National monument of Ireland
- Official name: Glenquin Castle
- Reference no.: 268

= Glenquin Castle =

Glenquin Castle is a tower house and National Monument located in County Limerick, Ireland.

==Location==

Glenquin Castle is located 2.4 km west of Killeedy, on the north side of the R515 road.

==History==

The tower house was built in 1462 by the Ó hAilgheanáin (O'Hallinans), on the site of an older building dating back to AD 983. It was taken by the Uí Briain (O'Briens), and during the Desmond Rebellions (1569) it fell to the Geraldines until the Crown confiscated their lands in 1571. The castle was partly demolished by Walter Raleigh. By 1587 it was in the hands of the Hungerford; in 1591 it went to Sir William Courtenay, and in 1595 to a Captain Collum.

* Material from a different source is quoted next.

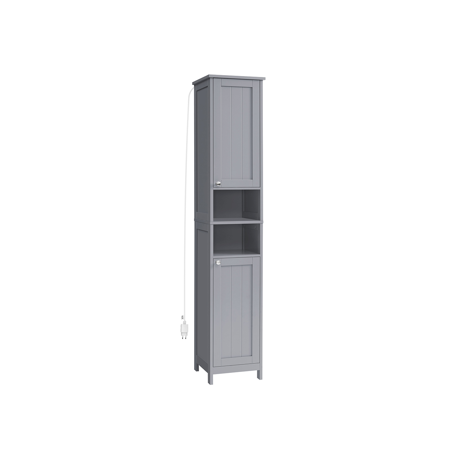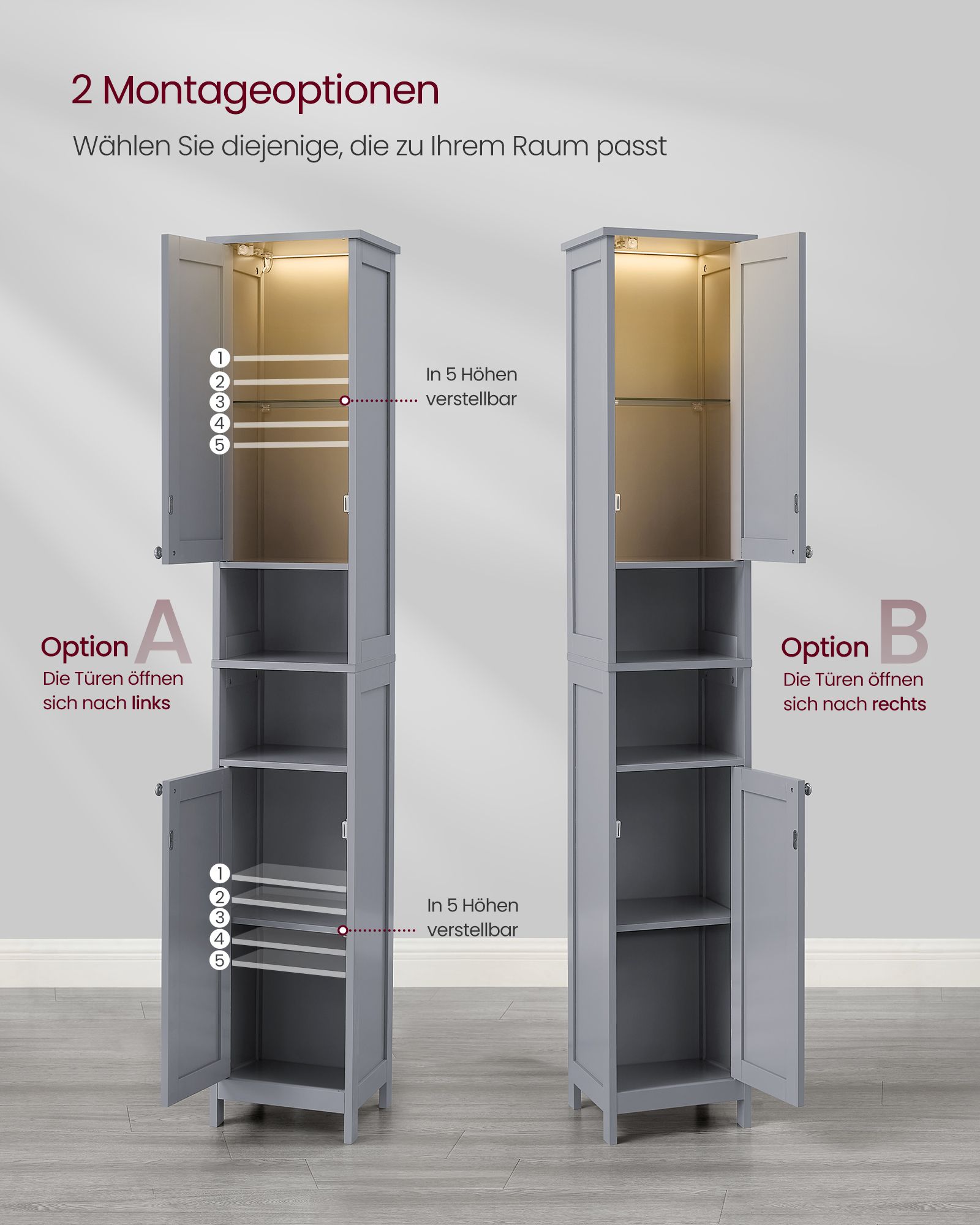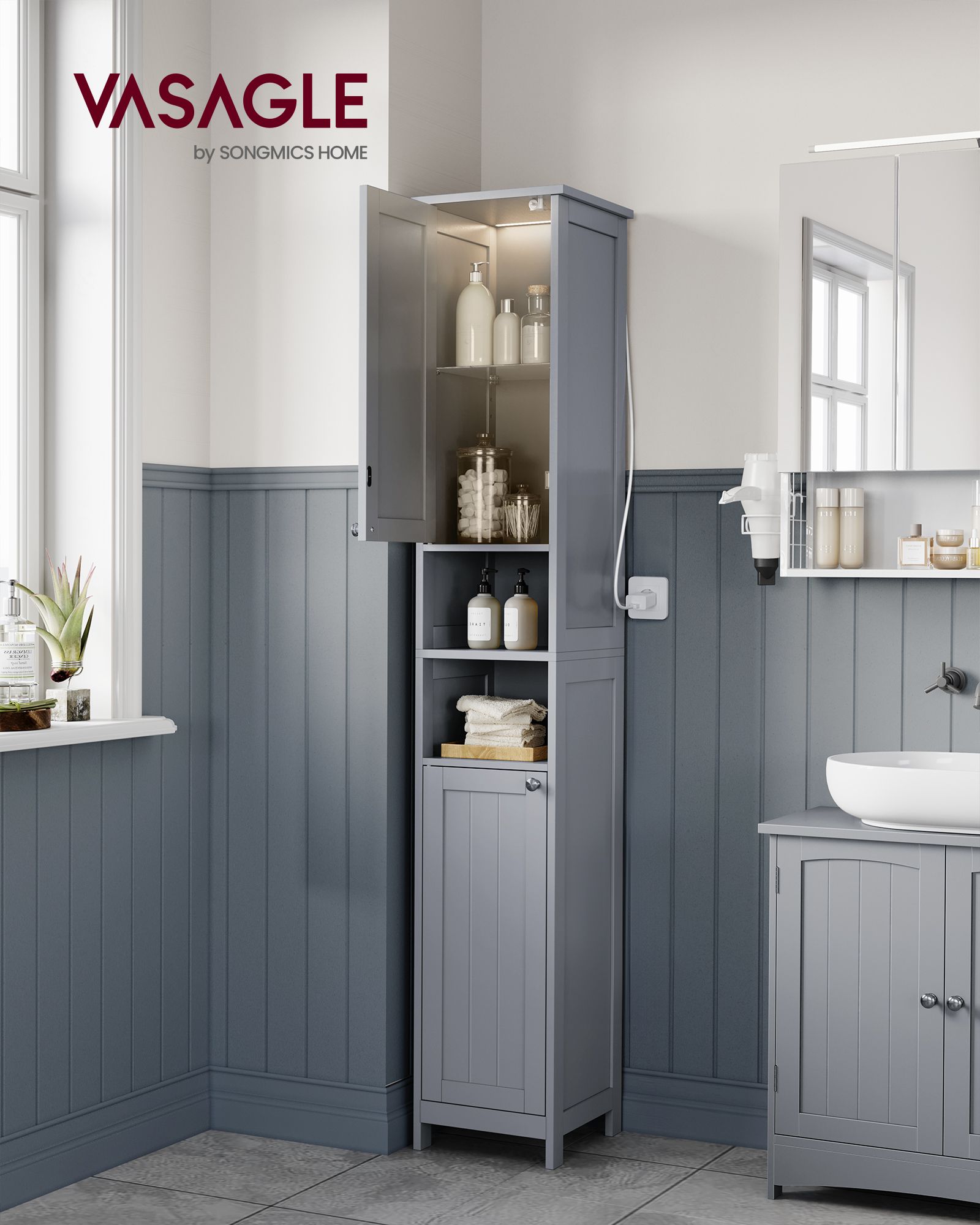 VASAGLE kylpyhuonekaappi valaistuksella, korkea, kapea kylpyhuonekaappi, säilytyskaappi säädettävillä hyllyillä, avoimet lokerot, pieniin tiloihin

It was restored by William Courtenay, 10th Earl of Devon in 1840.

At the 1916 Easter Rising, 300 Irish Volunteers assembled at Glenquin Castle, but they did not take any military action.

It was restored again in the 1980s and is under the care of the Office of Public Works.

==Castle==
The castle is a square, crenellated, six storey limestone tower house. On the top floor of there are the remains of stilts used by archers. There are also two barrel vaulted rooms.

==In song==
A song "O Castle of Glenquin" praises the castle and its history.